There is no data transfer between nodes. Therefore second node would not benefit from living on same device.

1 Like

I thought that if a node exited gracefully, the data it holds needs to be put somewhere else, right?

Audit and repair process always takes care to have enough pieces online. Graceful exit only matters for node payment.

1 Like

All it does is tell the satellite “I’m going away in X days: if you need to repair any data that I’m holding part of… ask for it soon”. If everything the node is holding already has more than enough extra pieces on the network… none of the graceful-exiting node data may be asked for at all.

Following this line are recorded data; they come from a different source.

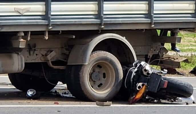 Imaginile publicate pe grupul INFO TRAFIC PRAHOVA arată că motocicleta a rămas blocată sub roțile din spate ale unei camionete cu număr de Ilfov.
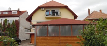 Zala vármegye, Hévíz 300m2-es, 3 szintes apartmanház eladó. A jelenleg is üzemelő, az ingatlan nyilvántartásban „kivett lakóház, udvar” megnevezésű ingatlan alsó szintjén konyha étkezővel, háztartási helyiség, tároló zuhanyzó illemhelyiséggel, külön illemhelyiség és szoba található. Átjárás az 50m2-es garázsba. A középső (fogadó szinten) a hallból jutunk a két apartmanba míg az emeleten további két stúdió és egy apartman került kialakításra. Az helyiségek teljesen felszereltek. Így összességében az ingatlanban 10fő (pótágyazással további 6 fő) elszállásolható. A ház 2000-ben épült, felújítása 2012-ben megtörtént (ekkor kapott 10cm szigetelést is). Azóta is folyamatosan karbantartott. A klímával, elektromos redőnyökkel felszerelt igényes ingatlan melegéről gáz-kazán gondoskodik. Legutóbbi fejlesztésként 2023-ban 8kW-os napelemes rendszer telepítésére került sor. A házhoz tartozó 879m2 telken gépjárműbeállók, a füvesített kertben grillező, pihenő és gyümölcsfák szolgálják a pihenők kikapcsolódását. Az ingatlan vételára teljes felszereléssel értendő. A ház alkalmas lehet bérbeadásra, de akár több generációs család lakhatására is
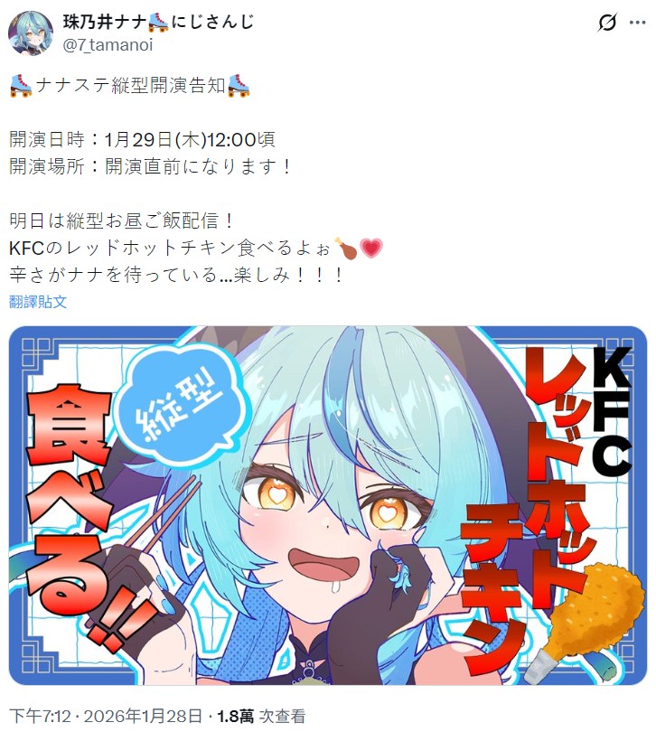 無題 無名 ID:DrK38nHE 2026/01/28(三) 21:31:51.763 No.29637663 ナナ明天中午吃KFC
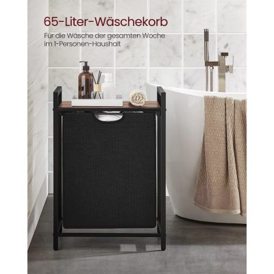 szennyes kosár polccal, szennyeskosár, oxfordi szövetből, kihúzható, kivehető, fém keret, 65 l, 50 x 33 x 72 cm, vintage barna/fekete
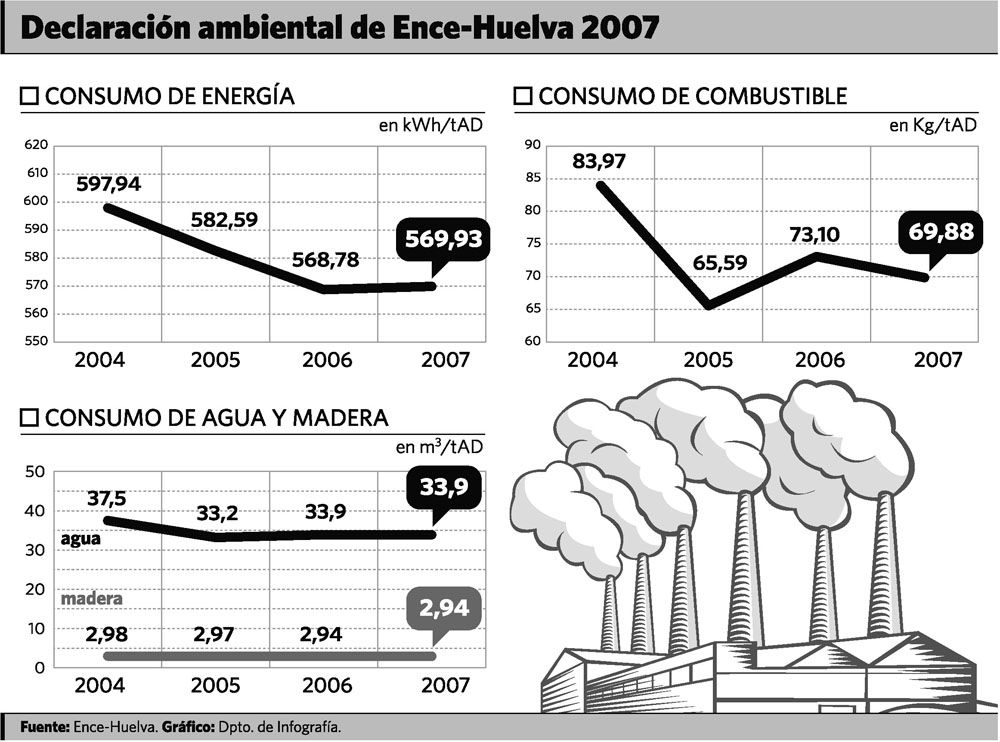 Isidro García Téllez estuvo acompañado en la presentación del documento por Silvia Cortinas Fernández, la jefa del departamento de Medio Ambiente de Ence-Huelva, quien subrayó que la mejora ambiental y el aumento de la eficiencia energética son los dos criterios en los que la empresa está basando su crecimiento. Los resultados de esta conciencia con la que gestionan la fábrica se traducen en una reducción al 4% del uso del combustible fósil en 2007, frente al 96% que supone ya la biomasa en el total de combustibles empleados en la fábrica onubense.
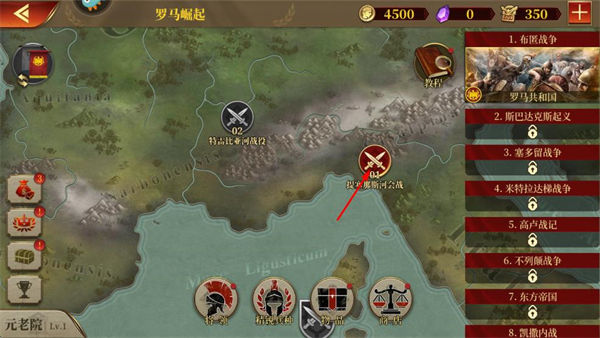 3、在罗马崛起的地图界面,选择对应的战役关卡,准备进入该战役的战斗环节。
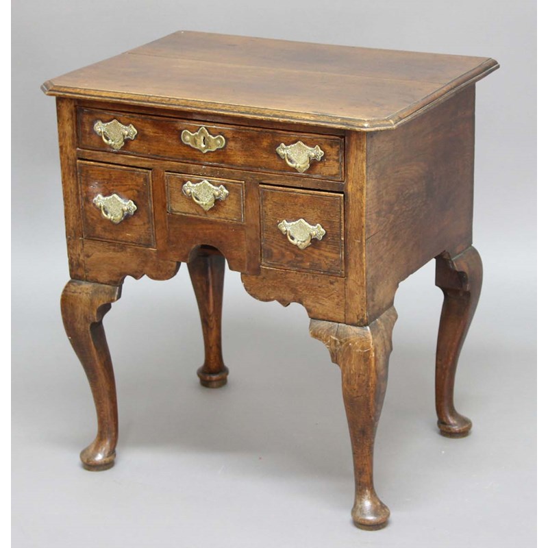 OAK LOWBOY, mid 18th century, the canted rectangular top above one long and three short drawers, on cabriole legs with pad feet, height 68cm, width 64cm, depth 47cm
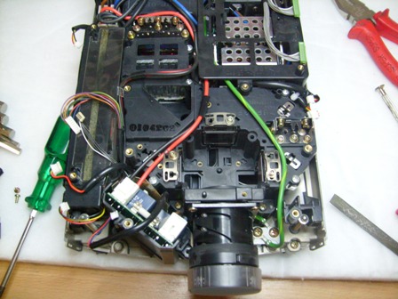 Bei der ersten Funktionskontrolle war zu beobachten, dass die Status-LED der Lampe rot blinkte und damit auf einen Fehler der Birne hinwies. Da aufgrund der geringen Betriebsstunden ein Defekt der Birne auszuschließen war, wurde das nähere Umfeld der Glühbirne untersucht. Nach einer ersten Sichtkontrolle vermutete ich einen Sicherheitsschalter für die Öffnungsklappe der Birne als Fehler, was sich aber als Irrtum herausstellte. Im weiteren Verlauf der Kontrollen zeigten die Steckkontakte der Glühbirne eine erhöhte Korrsion, weshalb diese gereinigt wurden. Seitdem läuft der Beamer problemlos.
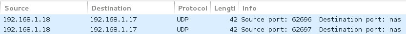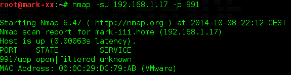 On voit donc que les deux paquets UDP envoyés sur le port donné "991" sont sans réponse de l'hôte distant. Nmap choisit d'envoyer deux paquets de par le risque qu'UDP représente. En effet, si un paquet est perdu, on pourrait ne pas avoir de réponse et croire que le port est ouvert alors qu'il n'a jamais atteint la cible, c'est pourquoi deux paquets sont envoyés.
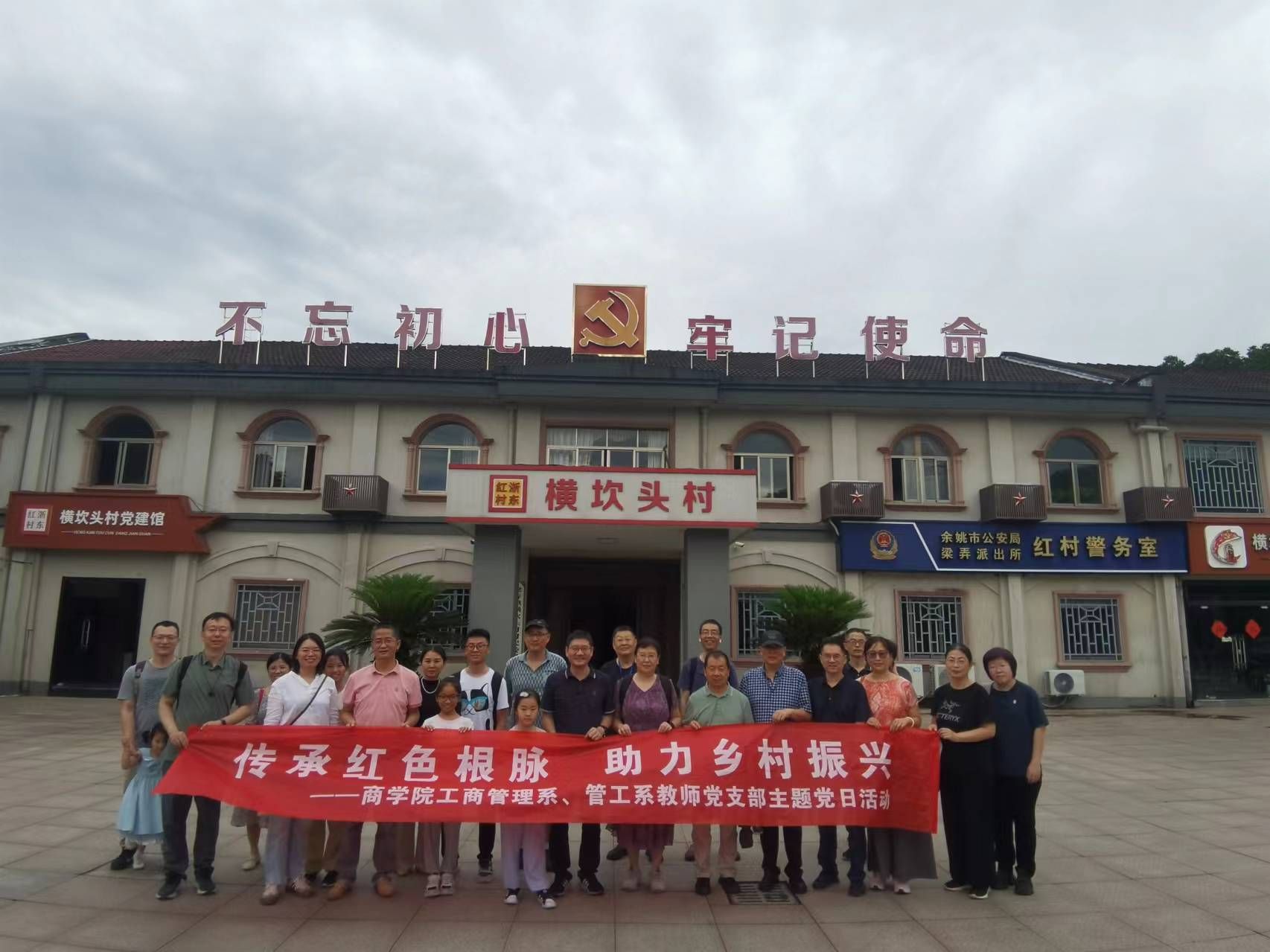工商管理系、管理科学与工程系教师党支部于6月29日、30日组织支部全体党员前往余姚梁弄镇横坎头村联合开展主题党日活动。这次活动不仅是对革命先烈的缅怀和致敬,更是一次深刻的党性教育和爱国主义教育,旨在通过参观学习,增强历史使命感和责任感,激励全体党员在教学和工作中传承和弘扬红色革命精神。

But if the node is holding data that has fewer-than-ideal pieces… the repair system will make it a priority to pull data from first.

Really? To my knowledge only payment system cares about graceful exit.

Well if I was storj I would keep the minimum amount of data replications that I deem safe in order to run my business (any excess would be paied as storage to an operator).
Under this logic, all the data that is stored on every single node that is gracefully exiting would be needed to be replicated somewhere else as soon as possible.

Given that the algorithm prefers quick transfers, it would choose the other node that is on the same IP address.

But perhaps my logic is flawed?

They do keep what they believe to be a safe minimum: but remember they aren’t worried about just one node going offline: they have to handle events like a local ISP having issues and perhaps a dozen nodes holding parts of the same data disappear - so they have a decent buffer. I don’t know what the latest RS numbers are (29/35/65/110?) but they’re in the forum.

So one graceful-exiting node isn’t an emergency.

1 Like

The second node has been up and running for 10 days and on the us1 satellite it passed over 150 audits, yet it is still not vetted. How is that possible?

It needs to be in the vetting process at least a month, this was an initial intention. Earlier 100 audits were enough, now seems it needs more.